ISWによると、ロシア軍事ブロガーの一部が、ウクライナにおけるロシア側の作戦遂行上の課題に関して議論を始めた模様だとのことで、ISWはおそらくサルジュニー論考に影響されてのものだろうと述べています。ロシア軍事ブロガーの見解も、ウクライナの戦場において攻勢作戦が上手くいかない点をどう改善するかという点に焦点があたっています。
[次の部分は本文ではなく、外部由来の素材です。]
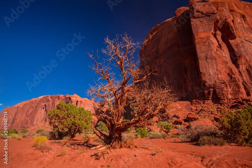 Monument Valley. Navajo Tribal Park. Red rocks and mountains. Located on the Arizona–Utah border. USA
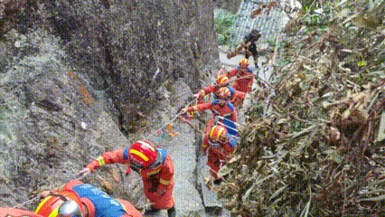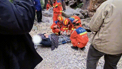 伤者被小心固定在担架上,一组人员轮流抬运担架,其余队员前方开路、后方防护。在超过60度的陡坡边缘,他们用身体筑起一道“移动护栏”,借助绳索系统缓缓下行。
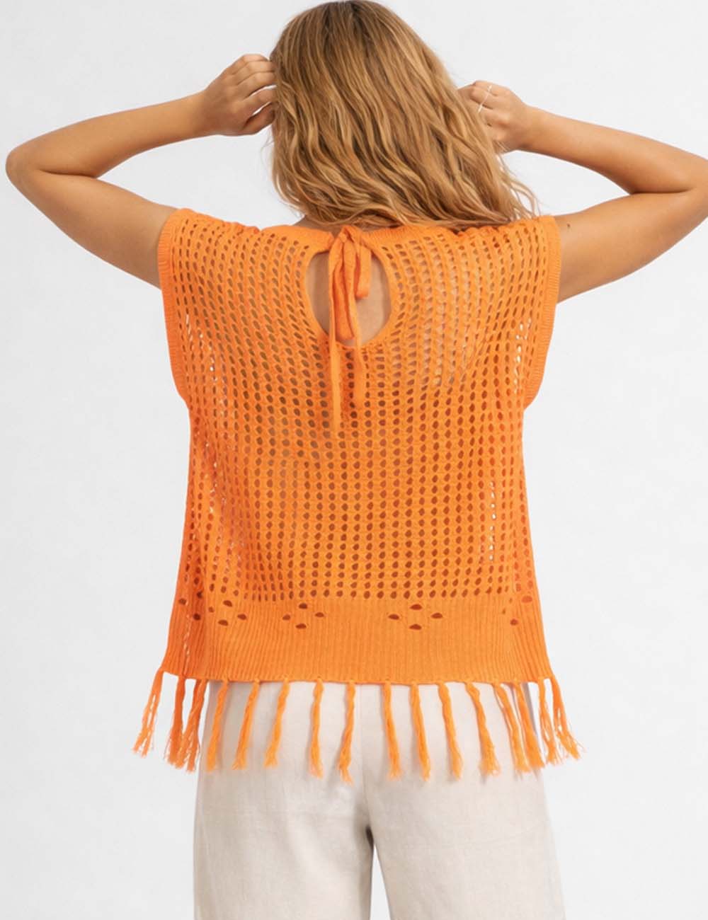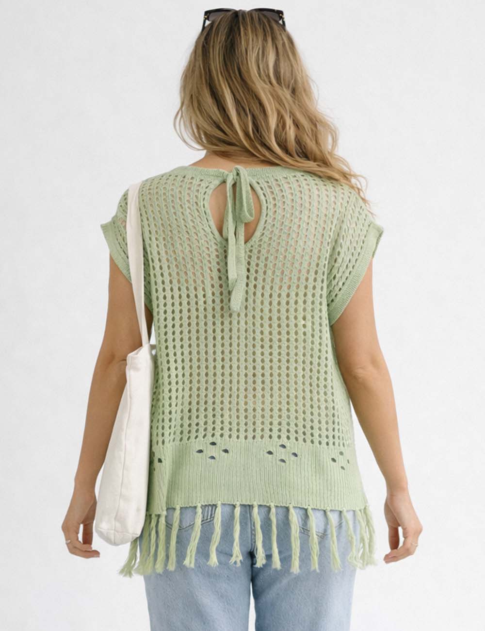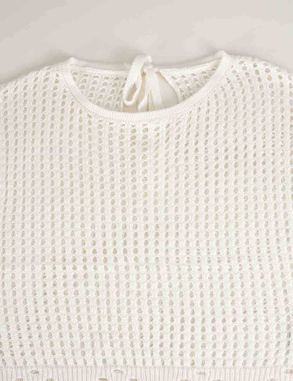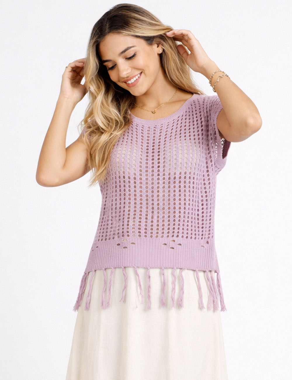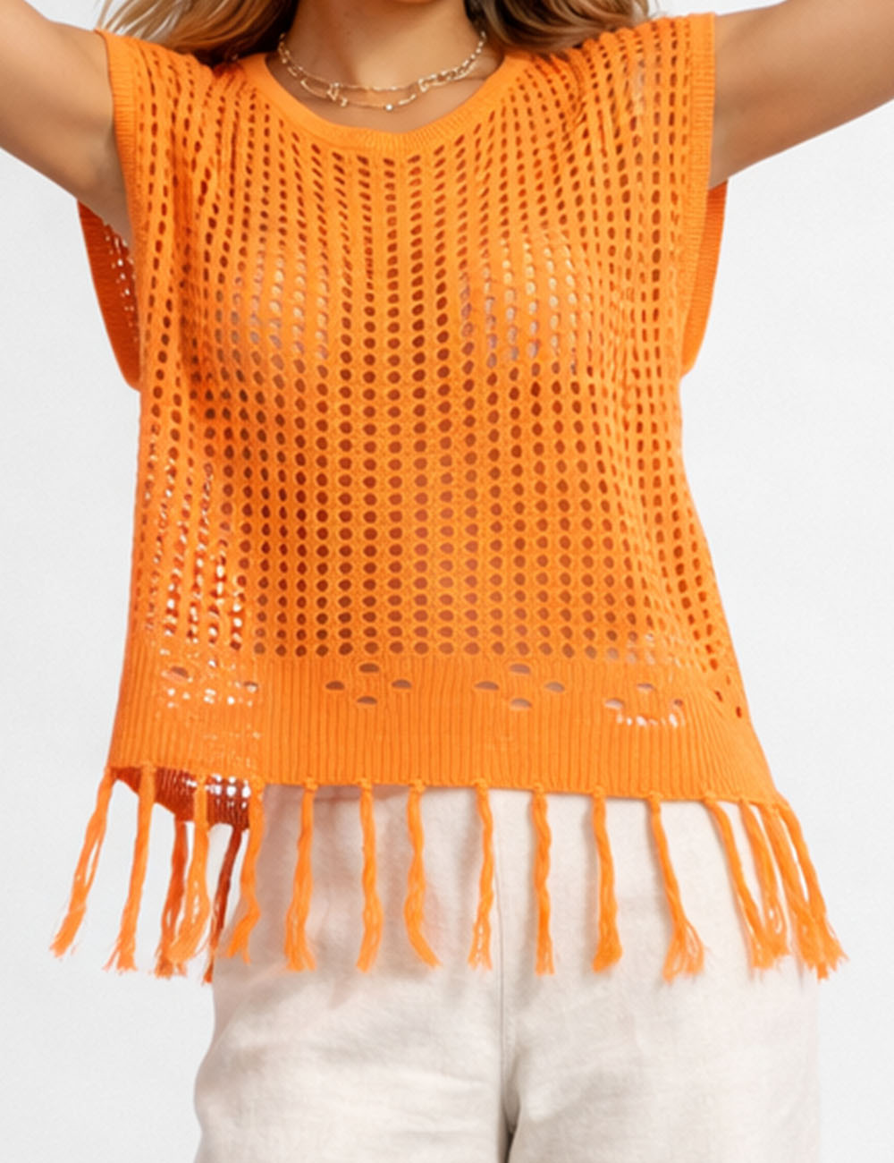 Ladies Chic Crochet Knit Hollow-Out Fringe Cover-Up Top

また、軍事ブロガーのなかには「ロシアは現在、ウクライナの地での勝利からほど遠い」と悲観的な見解を示したうえで、冬季にロシア軍がウクライナ側の新たな反攻に直面することへの懸念を示す者もいます。ロシア軍が今後数カ月内に主導権を完全に取り戻すことができないと考えるロシア軍事ブロガーもいることが、この見解から分かります。なお、ISWによると、ザルジュニー論考に関する反応は、ロシア情報空間内であまりみられないとのことです。一方でロシア極右派はザルジュニーの議論をロシアの攻勢作戦に適用させようとしている模様ですが、あまり楽観的な結論になっていないようであるとのことです。
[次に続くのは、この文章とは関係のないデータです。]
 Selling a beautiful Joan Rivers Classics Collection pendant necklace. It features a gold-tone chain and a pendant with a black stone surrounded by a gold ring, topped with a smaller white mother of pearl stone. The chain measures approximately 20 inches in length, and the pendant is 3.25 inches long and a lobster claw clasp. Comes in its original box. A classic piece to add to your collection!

では、一部のロシア軍事ブロガーたちは現状を打開する方法として、どのような手法を提示しているのでしょうか? これらの軍事ブロガーたちは「小規模な歩兵強襲部隊の投入が、ロシア・ウクライナ両軍の戦線上の作戦目標達成をもっと可能にするだろう」と主張しています。

ある軍事ブロガーは、ロシア軍のアウジーウカ攻勢の初動とウクライナ軍反攻作戦の初動の類似性に注目しています。つまり、両軍ともに攻勢初期時の進撃に際して、取り返しのつかないレベルの人的損失と装備損耗を被ったということです。この軍事ブロガーは、「ウクライナでの戦争を通していえることだが、大規模な機械化部隊による攻撃を行った際に甚大な損失が生じ、それにより、事後の作戦において、ロシア・ウクライナ両軍ともにより小規模な臨時編成の歩兵部隊に依存するようになっていった」と結論づけています。

ウクライナ軍指導部は2023年6月の反攻初期時の失敗を受けて、歩兵攻撃主体の戦術へと方針転換しましたが、ロシア軍にそのような柔軟な適応力があるかどうかは不明だと、ISWは指摘します。なぜなら、ロシア軍は攻勢作戦の失敗を繰り返しており、それが示唆しているのは、「ロシア軍が過去の犠牲の大きな大規模機械化部隊攻勢から得た教訓を取り込めておらず、普及させることもできていない」ことになるからです。

ここ最近の事例ですが、ウクライナ軍がヘルソン州での小規模なドニプロ渡河を成功させました。このことをロシア軍事ブロガーの一部は、小規模歩兵強襲戦術の成功例として捉えている模様です。そして、ウクライナとは対照的に、ロシア軍指導部は兵力を集中させた正面攻撃にこだわっており、それが戦闘部隊の有効性を低下させていると主張する軍事ブロガーもいます。

なお、ロシア軍部隊の一部が状況に上手く適応できていることをISWは指摘しています。ですが、ロシア軍全体でみると上手くいっていないようです。ロシア軍指導部は戦術変更の成功例の導入を戦場全域で進めることに、今後も苦慮し続ける可能性が高いというのが、ISWの評価分析です。